● What is needed:
Copy out the whole listing exactly as given. Skip the pictures.

● Task inputs:
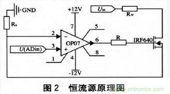 通過16位高精度模數(shù)轉換器ADSlll5輸出電壓給恒流源電壓轉換恒定電流電路,由于運算放大器OP07是精度高、低漂移運算放大器,并且在10歐負載的情況下輸出電流能達到2 A。所以采用OP07和IRF640組成的一個Uin。電流串聯(lián)負反饋來實現(xiàn)電壓到電流的轉換,具體電路如圖2所示。
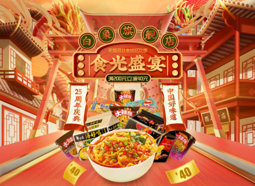 以国货速食品牌白象食品为例,恰逢公司25周年,在天猫旗舰店以“食光盛宴”为主题全场满200减40。大辣娇火鸡拌面、重庆小面、小龙虾拌面、骨汤酸辣粉、南昌拌粉等几款网红辣味美食更是在促销价的基础上再打折给出了活动价。相较于原价,有的产品甚至便宜了近一半的价格。优惠力度如此之大,许多爱吃的人纷纷开启了囤货模式。
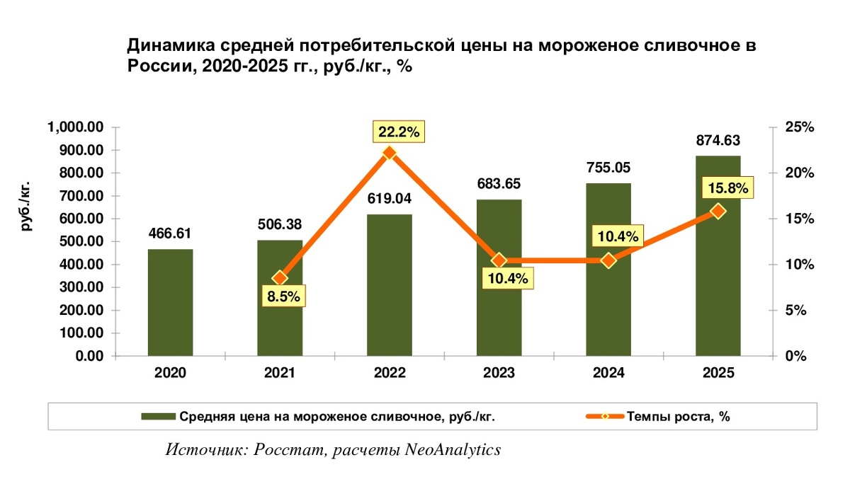 В ходе ежемесячного мониторинга розничных (потребительских) цен за 1 кг. мороженого сливочного, проведенного NeoAnalytics, выяснилось, за последние шесть лет средняя цена в рознице выросла в два раза. Еще в 2020 г. один кг. мороженого сливочного можно было купить в среднем за 467 руб., а в 2025 г. – уже за 875 руб. за кг. Объектом исследования являются средние цены на мороженое сливочное или сливочное с добавлением растительных жиров, с различными наполнителями, с вафлями или в шоколадной глазури типа крем-брюле, пломбир и т.п. Кроме пирожных и тортов из мороженого. Индексация существенно усилилась в 2022 г., когда взлетели цены на многие продовольственные и непродовольственные товары в России и мороженое сливочное не стало исключением. В последующие годы динамика роста была не такой интенсивной и средний прирост в период 2023-2025 гг. составил на уровне 12,2%. В марте 2022 г. произошел резкий рост средних цен на мороженое. Каждый последующий год начинался с очередной индексации и в р
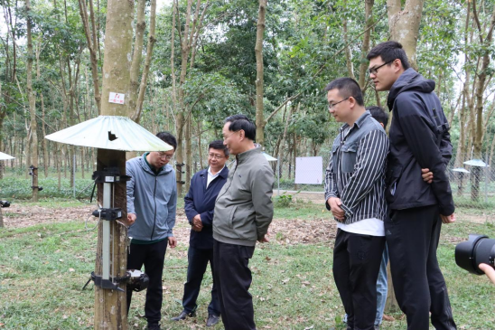 在抄石村的英国威廉希尔公司天然橡胶智能化割胶基地,符宣国书记听取团队负责人张喜瑞教授介绍基地的智能化割胶技术、生产流程以及科研创新情况,并参观智能化割胶操作场景,对英国威廉希尔公司天然橡胶智能化割胶团队在天然橡胶产业方面的科研投入和成果表示肯定。
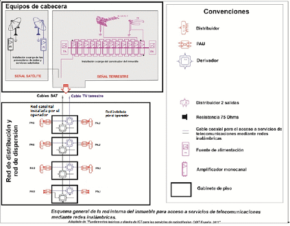 25. Incluye las señales para el acceso a los servicios de televisión, radiodifusión sonora por cable coaxial, telefonía y acceso a Internet, las cuales son adaptadas para ser transmitidas en el cable coaxial en las bandas de frecuencia correspondientes de televisión.
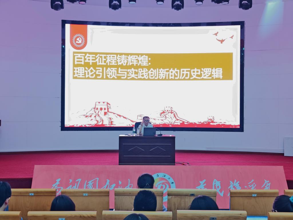 李华峰副教授首先运用详实的历史文献和鲜活的实践案例,论证了中国共产党在二十世纪初诞生的历史必然性,通过解析建党精神的核心要义,揭示了马克思主义政党坚守初心使命的理论源流。接着以“实现中华民族伟大复兴”为主线,梳理新民主主义革命、社会主义建设、改革开放和新时代四个历史阶段的标志性成就,结合“五个庄严宣告”的历史强音,展现党领导人民书写的壮丽史诗;深入阐释“九大法宝”的实践价值,系统解读新时代行动纲领的战略部署,为同学们提供方法论指导。最后李华峰副教授鼓励同学们要以史为鉴,从党的奋斗历程中汲取智慧力量,将个人理想熔铸于家国情怀,在求知探索中锤炼本领,在实践磨砺中坚守初心,让青春在实现中华民族伟大复兴的新征程上绽放绚丽之花!
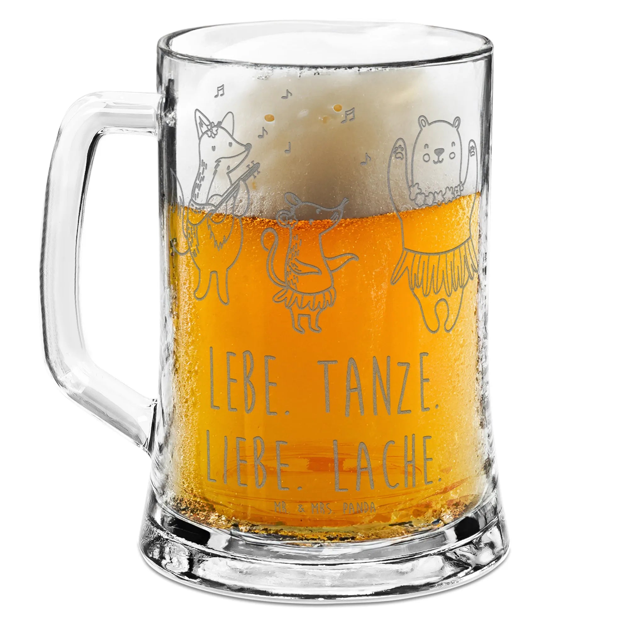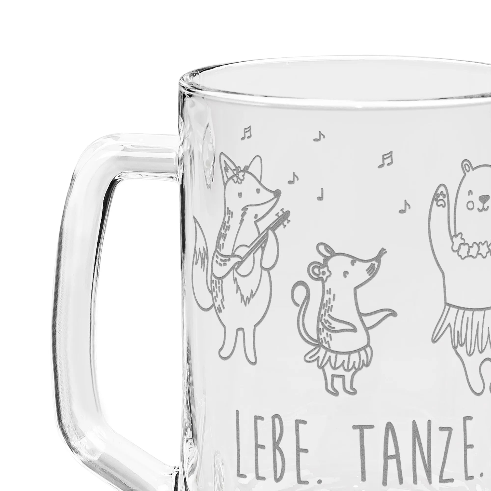 Der wunderschöne Gravur Bierkrug mit dem Motiven "Waldtiere Aloha" aus der entzückenden Small World Kollektion von Mr. & Mrs. Panda ist das perfekte Geschenk für alle, die Leben, Spaß und gute Laune lieben! Ob zum Vatertag, Geburtstag, zu Weihnachten oder einfach nur, um jemandem eine Freude zu bereiten – dieser Bierkrug bringt jedes Herz zum Lachen. Die süßen Waldtiere, die sich im Hula-Rock schwingen und zu ihren eigenen hawaiianischen Melodien tanzen, zaubern dir ein Lächeln ins Gesicht. Mit dem Slogan "Lebe. Tanze. Liebe. Lache." verabschiedest du dich von grauen Tagen und tauchst ein in eine Welt voller Freude und Unbeschwertheit.
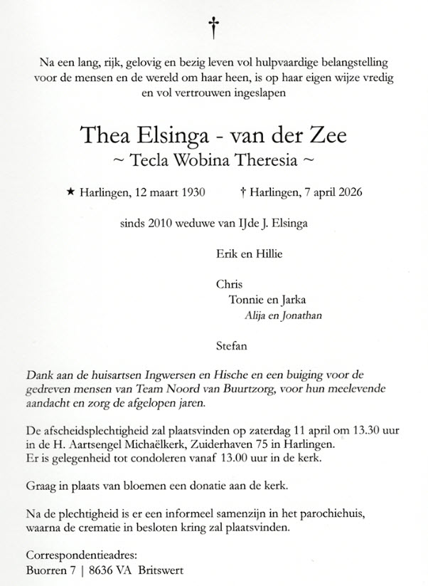 HARLINGEN - Dinsdag 7 april is Thea (Tecla Wobina Theresia) Elsinga - van der Zee op 96-jarige leeftijd overleden.
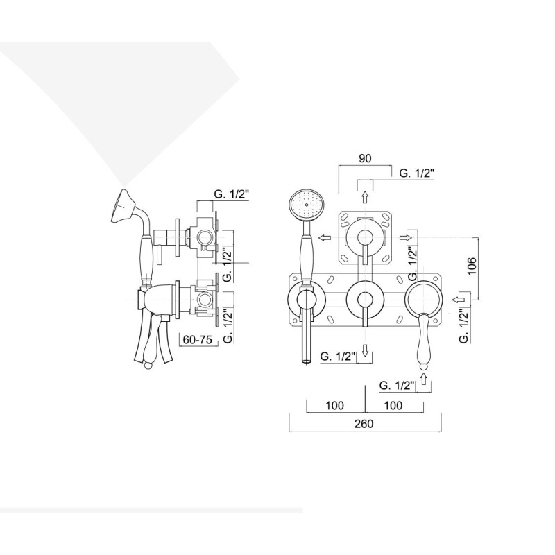 Monocomando doccia incasso con deviatore, kit duplex integrato, 4 uscite libere, Praga Mix
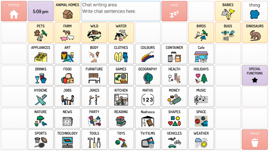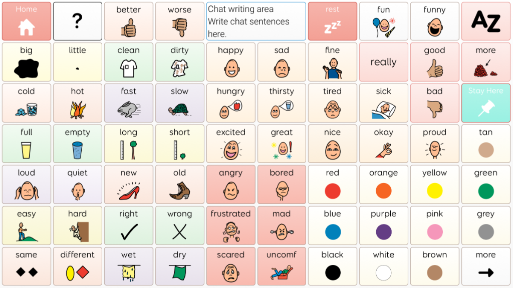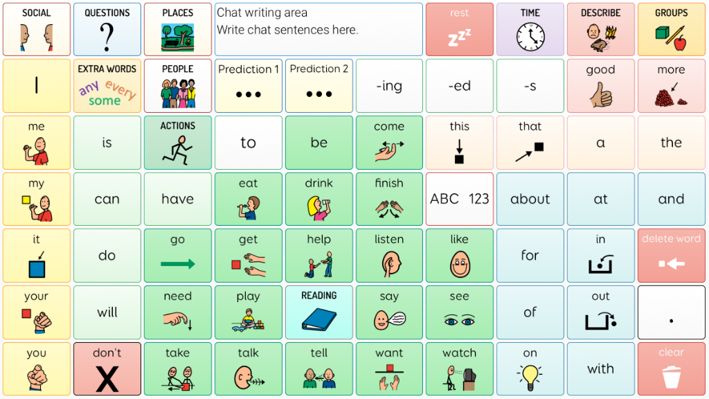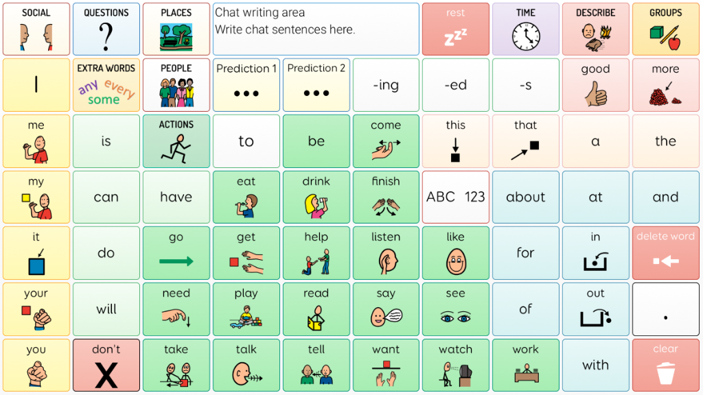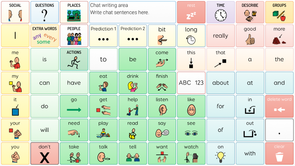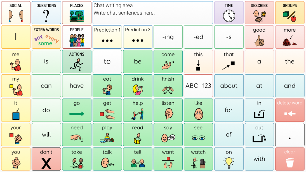 WordPower 60 by Nancy Inman combines the features of core vocabulary, spelling and word prediction. Complex sentences can be generated quickly and efficiently using core words, suggested next words, smart grammar and dynamically linked pages. Accessible apps pages are included for email, text, environment control etc. This grid set offers the same vocabulary as WordPower 100 to individuals who require fewer or larger cells, or who are at an earlier level of language development. WordPower 60 offers users symbol support for many words, alongside the use of whole words to support sight reading and recognition of high frequency core words which are often more difficult to clearly represent using symbols. This version of WordPower 60 uses Picture Communication Symbols. A Widgit Symbols version is also available. v1.03
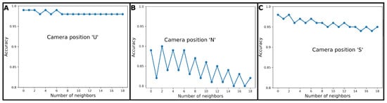 Accuracy depending on the number of neighbours in training a kNN classifier for camera positions ‘U’ (figure part A), ‘N’ (figure part B) and ‘S’ (figure part C). The hyperparameter k was tuned via grid search with five fold cross-validation.

● Solved exercise:
 通過16位高精度模數(shù)轉換器ADSlll5輸出電壓給恒流源電壓轉換恒定電流電路,由于運算放大器OP07是精度高、低漂移運算放大器,并且在10歐負載的情況下輸出電流能達到2 A。所以采用OP07和IRF640組成的一個Uin。電流串聯(lián)負反饋來實現(xiàn)電壓到電流的轉換,具體電路如圖2所示。
 以国货速食品牌白象食品为例,恰逢公司25周年,在天猫旗舰店以“食光盛宴”为主题全场满200减40。大辣娇火鸡拌面、重庆小面、小龙虾拌面、骨汤酸辣粉、南昌拌粉等几款网红辣味美食更是在促销价的基础上再打折给出了活动价。相较于原价,有的产品甚至便宜了近一半的价格。优惠力度如此之大,许多爱吃的人纷纷开启了囤货模式。
 В ходе ежемесячного мониторинга розничных (потребительских) цен за 1 кг. мороженого сливочного, проведенного NeoAnalytics, выяснилось, за последние шесть лет средняя цена в рознице выросла в два раза. Еще в 2020 г. один кг. мороженого сливочного можно было купить в среднем за 467 руб., а в 2025 г. – уже за 875 руб. за кг. Объектом исследования являются средние цены на мороженое сливочное или сливочное с добавлением растительных жиров, с различными наполнителями, с вафлями или в шоколадной глазури типа крем-брюле, пломбир и т.п. Кроме пирожных и тортов из мороженого. Индексация существенно усилилась в 2022 г., когда взлетели цены на многие продовольственные и непродовольственные товары в России и мороженое сливочное не стало исключением. В последующие годы динамика роста была не такой интенсивной и средний прирост в период 2023-2025 гг. составил на уровне 12,2%. В марте 2022 г. произошел резкий рост средних цен на мороженое. Каждый последующий год начинался с очередной индексации и в р
 在抄石村的英国威廉希尔公司天然橡胶智能化割胶基地,符宣国书记听取团队负责人张喜瑞教授介绍基地的智能化割胶技术、生产流程以及科研创新情况,并参观智能化割胶操作场景,对英国威廉希尔公司天然橡胶智能化割胶团队在天然橡胶产业方面的科研投入和成果表示肯定。
 25. Incluye las señales para el acceso a los servicios de televisión, radiodifusión sonora por cable coaxial, telefonía y acceso a Internet, las cuales son adaptadas para ser transmitidas en el cable coaxial en las bandas de frecuencia correspondientes de televisión.
 李华峰副教授首先运用详实的历史文献和鲜活的实践案例,论证了中国共产党在二十世纪初诞生的历史必然性,通过解析建党精神的核心要义,揭示了马克思主义政党坚守初心使命的理论源流。接着以“实现中华民族伟大复兴”为主线,梳理新民主主义革命、社会主义建设、改革开放和新时代四个历史阶段的标志性成就,结合“五个庄严宣告”的历史强音,展现党领导人民书写的壮丽史诗;深入阐释“九大法宝”的实践价值,系统解读新时代行动纲领的战略部署,为同学们提供方法论指导。最后李华峰副教授鼓励同学们要以史为鉴,从党的奋斗历程中汲取智慧力量,将个人理想熔铸于家国情怀,在求知探索中锤炼本领,在实践磨砺中坚守初心,让青春在实现中华民族伟大复兴的新征程上绽放绚丽之花!
 Der wunderschöne Gravur Bierkrug mit dem Motiven "Waldtiere Aloha" aus der entzückenden Small World Kollektion von Mr. & Mrs. Panda ist das perfekte Geschenk für alle, die Leben, Spaß und gute Laune lieben! Ob zum Vatertag, Geburtstag, zu Weihnachten oder einfach nur, um jemandem eine Freude zu bereiten – dieser Bierkrug bringt jedes Herz zum Lachen. Die süßen Waldtiere, die sich im Hula-Rock schwingen und zu ihren eigenen hawaiianischen Melodien tanzen, zaubern dir ein Lächeln ins Gesicht. Mit dem Slogan "Lebe. Tanze. Liebe. Lache." verabschiedest du dich von grauen Tagen und tauchst ein in eine Welt voller Freude und Unbeschwertheit.
 HARLINGEN - Dinsdag 7 april is Thea (Tecla Wobina Theresia) Elsinga - van der Zee op 96-jarige leeftijd overleden.
 Monocomando doccia incasso con deviatore, kit duplex integrato, 4 uscite libere, Praga Mix
 WordPower 60 by Nancy Inman combines the features of core vocabulary, spelling and word prediction. Complex sentences can be generated quickly and efficiently using core words, suggested next words, smart grammar and dynamically linked pages. Accessible apps pages are included for email, text, environment control etc. This grid set offers the same vocabulary as WordPower 100 to individuals who require fewer or larger cells, or who are at an earlier level of language development. WordPower 60 offers users symbol support for many words, alongside the use of whole words to support sight reading and recognition of high frequency core words which are often more difficult to clearly represent using symbols. This version of WordPower 60 uses Picture Communication Symbols. A Widgit Symbols version is also available. v1.03
 Accuracy depending on the number of neighbours in training a kNN classifier for camera positions ‘U’ (figure part A), ‘N’ (figure part B) and ‘S’ (figure part C). The hyperparameter k was tuned via grid search with five fold cross-validation.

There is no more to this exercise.